Abstract: An embedded architecture of optical vector matrix multiplier (OVMM) is presented. The embedded architecture is aimed at optimising the data flow of vector matrix multiplier (VMM) to promote its performance. Data dependence is discussed when the OVMM is connected to a cluster system. A simulator is built to analyse the performance according to the architecture. According to the simulation, Amdahl's law is used to analyse the hybrid opto -electronic system. It is found that the electronic part and its interaction with optical part form the bottleneck of system.
Introduction
Optical computing has attracted much attention since 1970s, especially the optical matrix algebra processors [1, 2] . Optical vector matrix multiplier (OVMM) is one of the most important matrix algebra processors, because vector matrix multiplier (VMM) operation is widely used in scientific calculation. Besides, OVMM is also an important optical interconnection technology to implement cross-bar network [3] . The OVMM has been demonstrated using free-space optics [1, 4 -6] and waveguide optics [7] . Whichever of the two is actually an electronic -optical hybrid system, so not only the optical part and the electronic part but also the interface between them are crucial to the whole system. In this paper, we focus on how to use the full-fledged computer and electronic technology to develop the performance of the OVMM. Fig. 1 demonstrates the basic schematic diagram of the reflecting type OVMM. The light emitting diode or vertical-cavity surface emitting laser (VCSEL) array driven by circuit, which presents the input vector, projects light with different power to corresponding column of spatial light modulator (SLM). The absorption rate of each pixel of the programmable SLM, which acts as the matrix element, can be changed by the driving circuit. When each detector in the array collects the signals from each corresponding row, the digital result can be obtained through an analogue/digital (A/D) conversion circuit.

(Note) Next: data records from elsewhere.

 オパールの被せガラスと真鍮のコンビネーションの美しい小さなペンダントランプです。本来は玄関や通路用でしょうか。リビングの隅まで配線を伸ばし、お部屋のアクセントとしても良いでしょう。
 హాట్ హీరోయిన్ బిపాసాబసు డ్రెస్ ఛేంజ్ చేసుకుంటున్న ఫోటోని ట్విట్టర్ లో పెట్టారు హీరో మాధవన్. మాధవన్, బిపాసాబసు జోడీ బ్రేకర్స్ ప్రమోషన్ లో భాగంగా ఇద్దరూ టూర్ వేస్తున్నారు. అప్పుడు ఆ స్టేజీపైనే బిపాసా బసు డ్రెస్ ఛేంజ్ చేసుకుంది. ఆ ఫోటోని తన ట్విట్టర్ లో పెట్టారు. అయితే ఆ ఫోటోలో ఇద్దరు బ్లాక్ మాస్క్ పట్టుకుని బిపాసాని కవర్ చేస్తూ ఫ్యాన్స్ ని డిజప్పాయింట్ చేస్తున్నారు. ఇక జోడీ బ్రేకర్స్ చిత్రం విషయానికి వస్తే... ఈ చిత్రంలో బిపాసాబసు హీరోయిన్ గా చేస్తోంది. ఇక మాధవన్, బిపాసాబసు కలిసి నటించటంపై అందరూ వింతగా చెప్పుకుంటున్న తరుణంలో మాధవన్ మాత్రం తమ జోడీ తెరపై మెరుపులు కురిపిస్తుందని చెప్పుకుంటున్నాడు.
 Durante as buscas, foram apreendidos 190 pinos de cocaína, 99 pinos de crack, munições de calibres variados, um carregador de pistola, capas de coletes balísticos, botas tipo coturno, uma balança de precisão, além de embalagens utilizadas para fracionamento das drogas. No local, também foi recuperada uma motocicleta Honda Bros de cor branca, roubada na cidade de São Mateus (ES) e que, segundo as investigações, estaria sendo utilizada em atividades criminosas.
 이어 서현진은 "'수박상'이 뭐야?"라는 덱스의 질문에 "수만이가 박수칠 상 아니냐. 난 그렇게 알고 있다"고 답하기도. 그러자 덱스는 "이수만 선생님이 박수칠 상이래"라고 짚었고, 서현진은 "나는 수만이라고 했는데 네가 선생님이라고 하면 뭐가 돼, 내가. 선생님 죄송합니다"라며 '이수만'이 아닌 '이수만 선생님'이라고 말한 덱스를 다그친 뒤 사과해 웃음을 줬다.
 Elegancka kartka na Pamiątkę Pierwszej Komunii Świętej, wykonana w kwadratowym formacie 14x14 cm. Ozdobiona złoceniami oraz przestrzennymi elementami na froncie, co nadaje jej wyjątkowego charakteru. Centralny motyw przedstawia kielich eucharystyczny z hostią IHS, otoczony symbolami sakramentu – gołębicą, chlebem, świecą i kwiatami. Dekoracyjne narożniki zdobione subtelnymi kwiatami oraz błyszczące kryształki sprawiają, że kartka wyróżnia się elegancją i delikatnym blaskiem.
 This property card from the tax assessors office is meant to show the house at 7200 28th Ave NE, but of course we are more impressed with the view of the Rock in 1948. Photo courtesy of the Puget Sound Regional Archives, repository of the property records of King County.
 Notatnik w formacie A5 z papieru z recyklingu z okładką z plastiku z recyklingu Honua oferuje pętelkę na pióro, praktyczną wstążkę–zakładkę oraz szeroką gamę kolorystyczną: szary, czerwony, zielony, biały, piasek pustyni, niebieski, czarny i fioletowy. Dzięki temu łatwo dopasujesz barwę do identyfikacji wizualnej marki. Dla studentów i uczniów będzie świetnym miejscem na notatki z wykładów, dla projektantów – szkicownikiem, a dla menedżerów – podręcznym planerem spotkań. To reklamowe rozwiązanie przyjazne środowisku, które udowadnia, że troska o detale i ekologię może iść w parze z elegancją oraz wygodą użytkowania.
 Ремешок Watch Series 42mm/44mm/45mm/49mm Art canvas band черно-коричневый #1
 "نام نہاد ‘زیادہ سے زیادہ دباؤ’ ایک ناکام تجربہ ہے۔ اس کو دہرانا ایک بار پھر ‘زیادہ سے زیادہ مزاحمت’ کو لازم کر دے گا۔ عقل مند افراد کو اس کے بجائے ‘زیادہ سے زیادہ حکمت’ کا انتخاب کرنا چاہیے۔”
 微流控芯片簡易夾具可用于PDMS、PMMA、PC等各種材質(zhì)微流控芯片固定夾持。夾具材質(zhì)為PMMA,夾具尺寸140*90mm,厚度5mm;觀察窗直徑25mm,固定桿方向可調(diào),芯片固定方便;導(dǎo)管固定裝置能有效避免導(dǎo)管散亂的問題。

The developments of high-speed large-size vertical-cavity multiple quantum well electro-absorption SLM [8] and high-speed VCSEL [9] make it possible to build an OVMM to carry out a large amount of multiple accumulation operation. However, in order to handle a complex task (an example is given in Section 4), it needs to be built as a system with the ability to execute some other operations such as memory, communication with other processors, and so on. For these reasons, the system is designed as an embedded general purpose processing system, which is named as optical digital signal processor (ODSP). To exploit better performance of the ODSP, it is designed to be able to connect to other processing system, such as distributed shared memory cluster system (detailed in Section 2). When this kind or similar architecture is adopted, coherence problem will be avoided, which will be discussed in Section 3.
(CU), instruction pool and bus supervisor. The optical system shown in Fig. 1 and its driving electronic circuit form the OVMM. It is the computation core of ODSP which carries out the VMM operation. For the reason of bandwidth and compatibility, an aligned bit data bus is adopted for VMM.
The registers and caches form the memory hierarchy of ODSP. The design of memory hierarchy must find the balance between price and speed. The VMM operation often involves in transfer of large matrix data, especially when the SLM needs to be refreshed. The transfer of SLM data needs a great latency. To speed up it, one way is to enlarge the bandwidth of the data bus, but it would be restricted by the practical size of device. Another possible method is to enhance the speed of driving circuit of SLM, which usually requires high-speed external memory. However, high-speed memory with large size is expensive and impractical, so caches are necessary.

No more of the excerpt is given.